长乐殿的寝殿内,永琪疲倦地趴在床头,尽管难以入眠,姿势也并不舒坦,哪怕只是以这样的俯卧姿态稍作喘息,他却甘愿如此守候,此刻,他的心绪纷乱如麻,万千思绪交织,难以平静

已至下午的申时,床榻上的人轻轻动了动,永琪瞬间惊醒,眼中闪过一丝期盼

爱新觉罗.永琪“燕子?燕子?你醒了吗?”

小燕子故作虚弱,颤抖着手伸出,声音细若游丝

西林觉罗.方慈“王爷,王爷,有人……有人要害我们的孩子”

永琪的左手紧紧握住小燕子的手,右手则接过月颖递来的洁白手帕,温柔地拭去她额头的冷汗,轻声安抚道

爱新觉罗.永琪“没事了,没事了,那些不祥之物,本王已经命小桂子给处理掉了”

小燕子望着眼前的永琪,心中泛起一阵的腻烦,她很想把眼前这个人给推出去,然而,理智却告诉她,此刻绝非时机,一旦此刻推开永琪,只会加深他对自己的疑虑,那么她精心布置的这场戏便会前功尽弃

小燕子轻轻起身,依偎进永琪的怀中

西林觉罗.方慈“王爷,您就这般拥着我,可好?”

永琪的脸颊贴着她的额头,双臂紧紧环绕,似是要将她揉进了骨血里

爱新觉罗.永琪“好,本王定不离燕子半步”

小燕子眼眶泛红,带着一丝哽咽

西林觉罗.方慈“妾身只觉得自已福薄,即便有幸为王爷诞下恒儿,却仍遭遇这等骇人之事,恐是命中注定,难以保住肚子里的这个孩子”

永琪柔声斥责道

爱新觉罗.永琪“休要胡说,咱们的孩子是最有福气的,今日之事,明显是有人蓄意为之,本王定要查个水落石出,严惩不贷,谁敢动燕子,便是与本王为敌”

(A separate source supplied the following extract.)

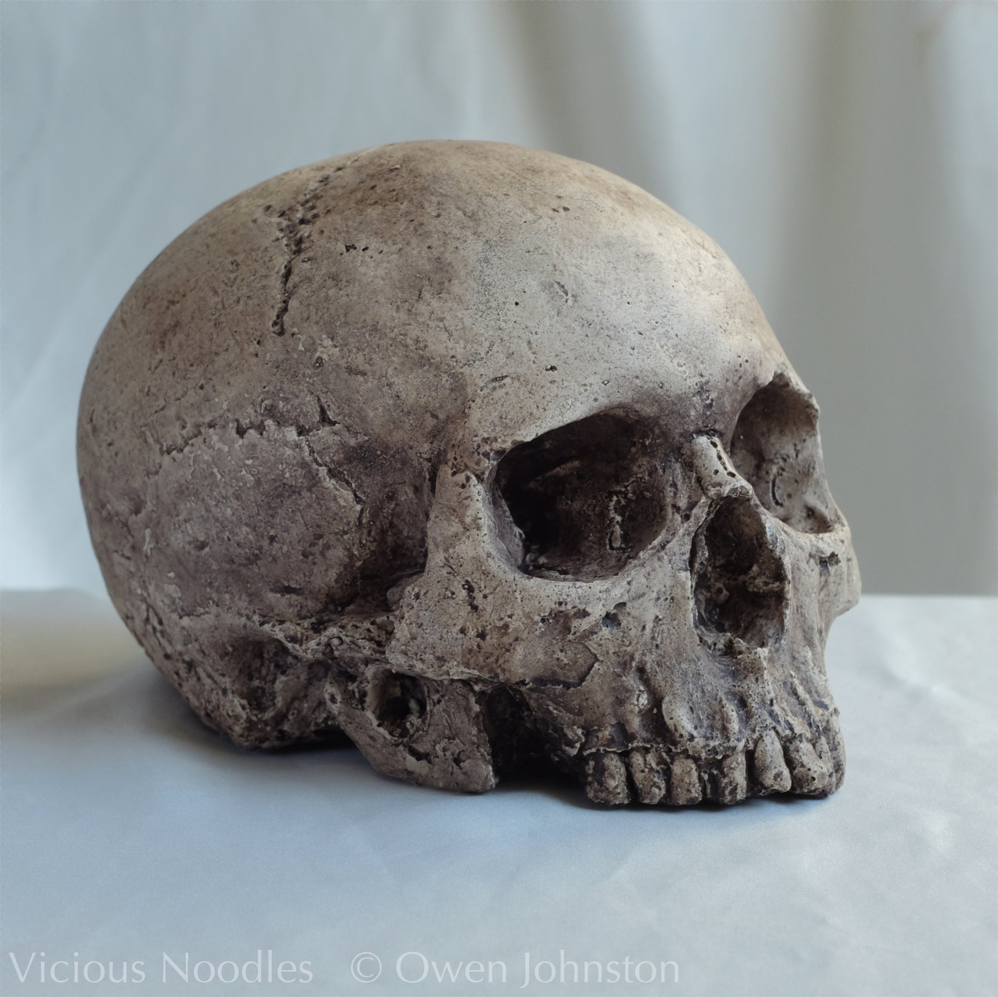 This detailed and realistic life size human skull replica is handmade from polymerised plaster (fine, hard plaster of Paris mixed with an acrylic polymer which makes a material similar to a resin). It is painted for a highly weathered finish.

他刚要起身唤小桂子进来,却被小燕子轻轻拽住了衣角,她恳求道

西林觉罗.方慈“妾身斗胆,求王爷莫要声张此事”

永琪复又坐下,眉宇间满是疑惑

爱新觉罗.永琪“此事分明是有人故意为之,若不严惩,日后恐再生事端”

小燕子泪眼婆娑,低声抽泣道

西林觉罗.方慈“即便真有人存故意为之,妾身也愿与王爷一同相信,这或许只是一场无心之失,景阳宫里好不容易得来的平静,妾身不忍再让王爷烦心,况且妾身如今也安然无恙,不是吗?”

他满眼怜惜道

爱新觉罗.永琪“燕子,本王也是心疼你,生怕你再遭遇不测,有过不罚,本王的心中终是难以释怀”

小燕子拉着永琪的手,柔声道

西林觉罗.方慈“谁人无过呢,若大肆追查,反而会让那人狗急跳墙,王爷也当是给那个人一次回头的机会了,若真有下次,再一并论处,妾身下个月就要临盆了,王爷就当是为了妾身和腹中的孩子积福吧”

永琪听后,轻声赞叹

爱新觉罗.永琪“燕子,你总是愿意体谅”

小燕子温顺地倚在他的怀中,轻声细语道

西林觉罗.方慈“妾身并非大度,只是不愿因妾身之事,再添王爷的烦恼”

此刻的长乐殿内,依旧沉浸在一片恬淡的宁静之中,阳光透过窗棂,细微的尘埃在光束中翩翩起舞,宛如一幅静止的时光画卷,偶尔几声清脆的雀鸣,穿透着这份宁静,与远处隐约可闻的风声交织成春日特有的乐章

然而,这份宁静并未持续的太久,便被一阵急促而略显慌乱的脚步声所打破,紫鹃神色慌张地闯入,声音中带着几分焦急

紫鹃“王爷、福晋,柏格格出事了”

小燕子心中倏然一紧,连忙追问

西林觉罗.方慈“怎么回事,你慢慢说来”

紫鹃急忙回禀道

紫鹃“奴婢听锦澜说柏格格方才想前往花园中散步,不料刚出了撷芳斋的门就被一团黑色的东西给吓到了,锦澜拾起来一看,竟是四只被烧焦的麻雀,柏格格当即便吓得晕了过去,现在林太医正在为柏格格诊治开方呢”

永琪眉头紧锁,显得有些不耐烦

爱新觉罗.永琪“真是一波未平一波又起,长乐殿刚出事,撷芳斋也跟着遭殃,这侧福晋究竟是怎么管理景阳宫的?”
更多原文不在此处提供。